Ekrani i Artit 2024. Credits Gys Vela

Al nord dell’Albania, affacciata sull’omonimo lago che prosegue nel Montenegro, la città di Scutari diventa una volta all’anno osservatorio privilegiato e internazionale dedicato al cinema e all’immagine in movimento. Questo grazie a Ekrani i Artit (che in albanese significa “Schermo dell’arte”) il festival giunto alla settima edizione che coinvolge sedi diffuse di tutta la città, tra i quali l’onirico Kinema Republika, ma anche il Marubi National Museum of Photography, diversi ostelli e centri giovanili, l’affascinante Castello di Rozafa, che domina la città e, naturalmente, l’Art House. Quest’ultima, casa natale dell’artista albanese Adrian Paci (tutt’ora direttore di Ekrani i Artit) e della sua famiglia, è diventata nel tempo non solo un centro espositivo e luogo di incontro di arti e creatività, ma anche la miccia che innesca ogni anno la macchina di questo festival. L’ultima edizione, svoltasi tra il 5 e il 9 giugno 2024, è stata intitolata Solitude/Moltitude e ha portato con sé decine di proiezioni di opere video di artisti internazionali, tra cui Santiago Sierra, Cecilia Vicuña, William Kentridge, Carolina Sandvik, Marco Bonfanti, Fabrizio Bellomo Robert Pettena, Alice Rohrwacher, Elena Mazzi, Sara Tirelli, Tao Nguyen Phan, Anri Sala, Driant Zeneli e altri.

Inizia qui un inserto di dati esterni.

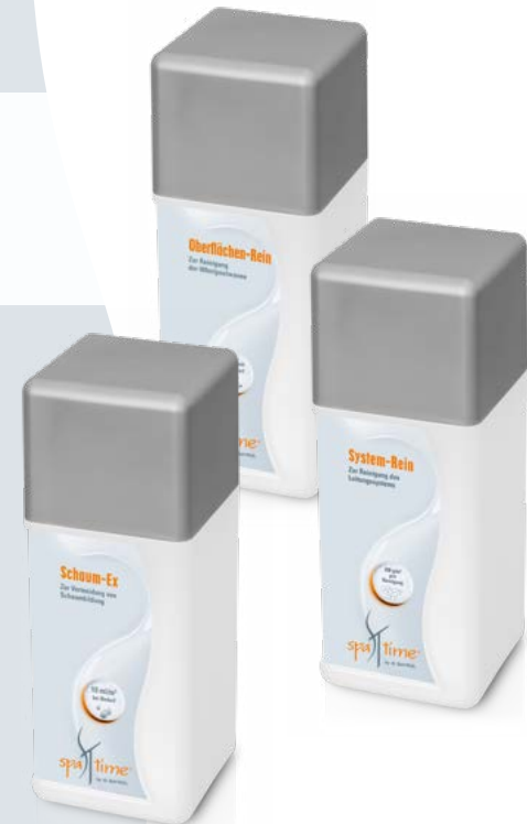
Oberflächen-Rein System-Rein Schaum-Ex

Schaum auf der Wasseroberfläche sieht nicht sehr einladend aus. Falls Ihr Whirlpoolwasser zur Schaumbildung neigt, empfehlen wir Ihnen die Zugabe von Schaum-Ex . Die Dosierung erfolgt direkt ins Whirlpoolwasser. Schäumt das Wasser nach der Zugabe immer noch, sollte es gewechselt werden.

La formula è semplice ma efficace: bisogna restare indipendenti in modo consapevole, bisogna mantenere alta la qualità delle opere e mai tradire la propria identità. Per farci raccontare meglio in che modo questa situazione inconsueta diventi una realtà di connessioni inattese, abbiamo coinvolto Tea Paci, giovane curatrice e colonna portante del festival.

Tea Paci
Tea Paci ph. Ilaria Costanzo

Sei una curatrice emergente dedicata al campo della cinematografia e della videoarte, un percorso non così comune. È una vocazione che affonda le radici in origini lontane?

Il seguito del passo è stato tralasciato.